Posted in Biology, Creationism, Intelligent Design, School, Threatiness on July 11th, 2006 by Krauze

Jim Sparks, the biology professor who accused a mainstream biology textbook of advocating creationism for simply mentioning the Creation Research Institute, has not had his employment with the Virginia Commonwealth University renewed (HT: Salvador). According to the dean, Robert D. Holsworth, Sparks was hired on an as-needed basis, and that the discontinuation of his employment had nothing to do with the textbook controversy. But that hasn't stopped Sparks from spreading his net of accusation, implying that the university itself is part of the creationist conspiracy:

In an e-mail message yesterday, Sparks asserted that his criticism of the textbook "may only be the tip of the spear" in the debate over creationism at VCU.

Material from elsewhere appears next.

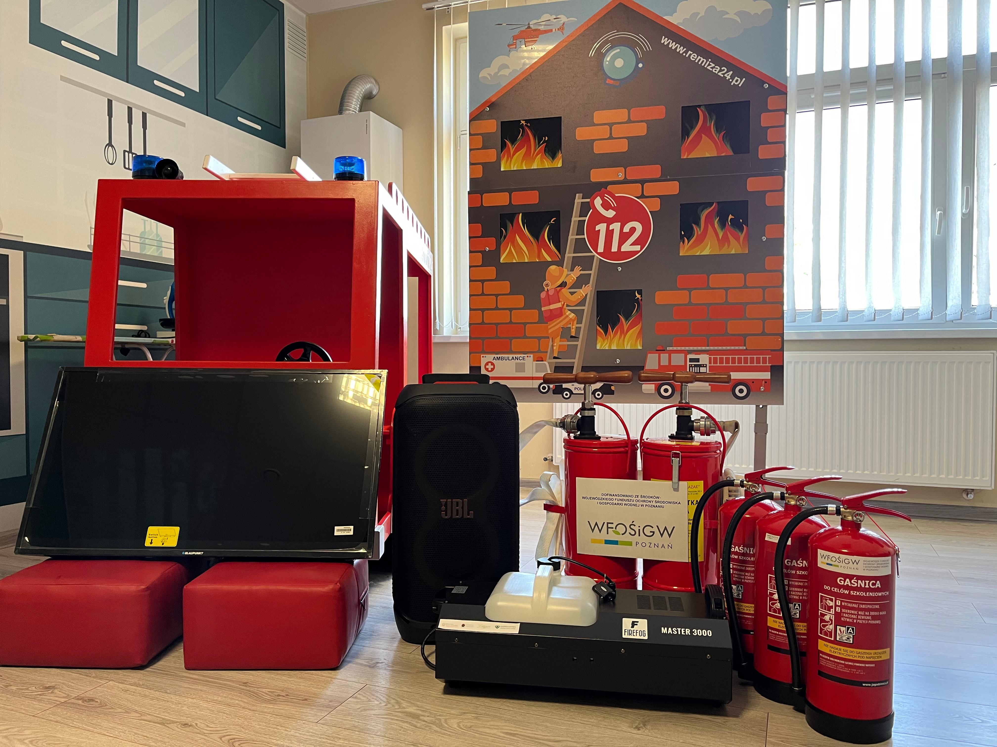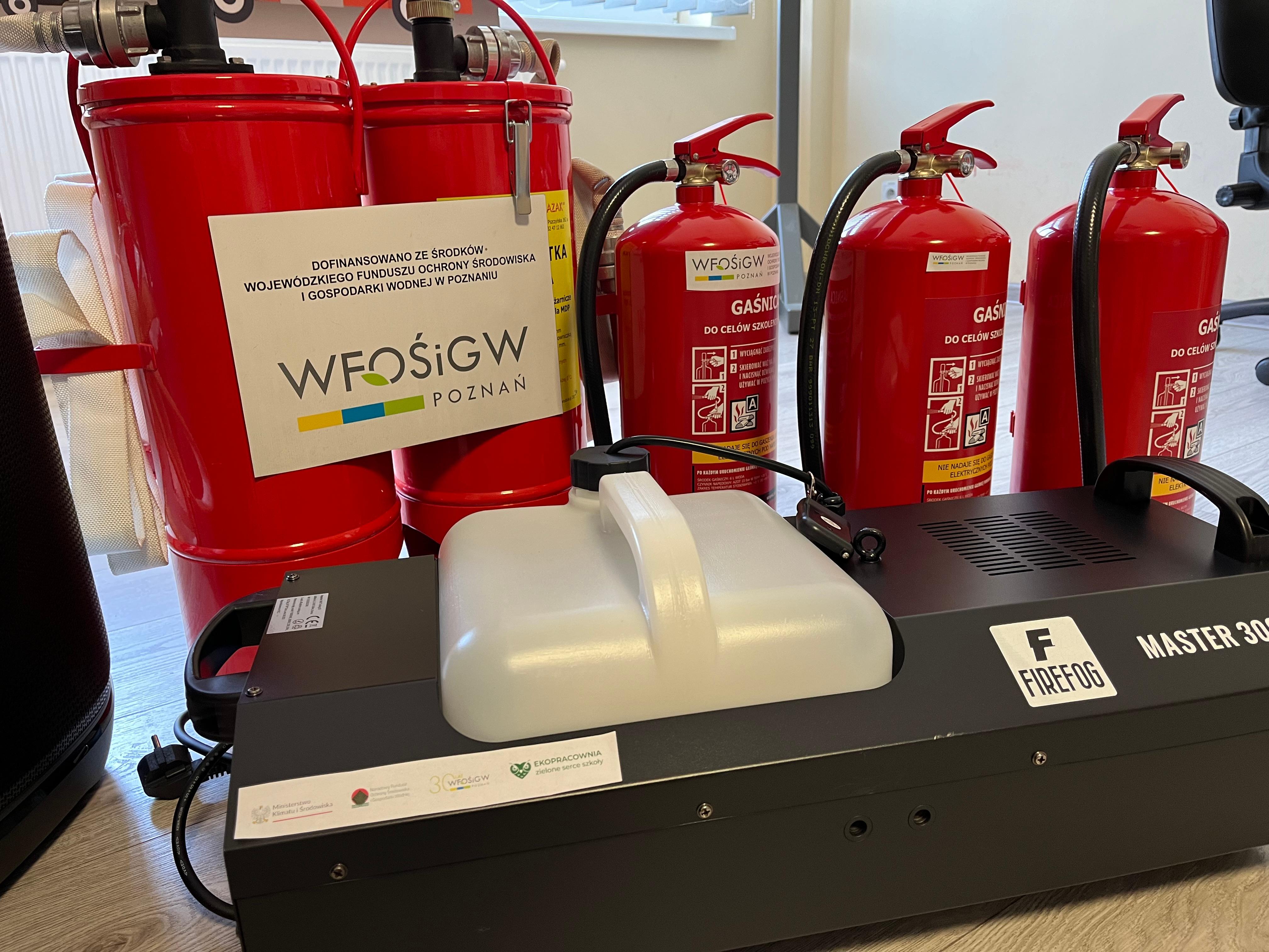 Dzięki realizacji przedsięwzięcia pn. „Doposażenie salki edukacyjnej w KP PSP w Wolsztynie” dokonano zakupu: domku strażackiego, zestawu głośników, gaśnic szkoleniowych, hydronetek, monitorów oraz zadymiarek, które wzbogaciły wyposażenie funkcjonującej od 2017 r. w Komendzie Powiatowej Państwowej Straży Pożarnej w Wolsztynie Sali Ognik.

"I expect additional complaints will arise from students, since the faculty will likely be subject to a certain climate of fear that arises from having one's colleague dismissed for enjoying the constitutional guarantee of a free press," Sparks wrote.

This is the risk of hyping the threatiness of intelligent design: As the original "threat" is defeated, the fanatics are going to start looking for new threats to keep them occupied. Or, as ID critic Lenny Flank recently put it in one of his self-conscious moments: "We're a room full of highly motivated well-trained big-game hunters armed with large-caliber weapons, who suddenly find themselves without a live target. So we begin to fidget a bit, glance sideways at the person next to us and say, 'ya know, I never *did* like the way that guy looks at me "¦.'"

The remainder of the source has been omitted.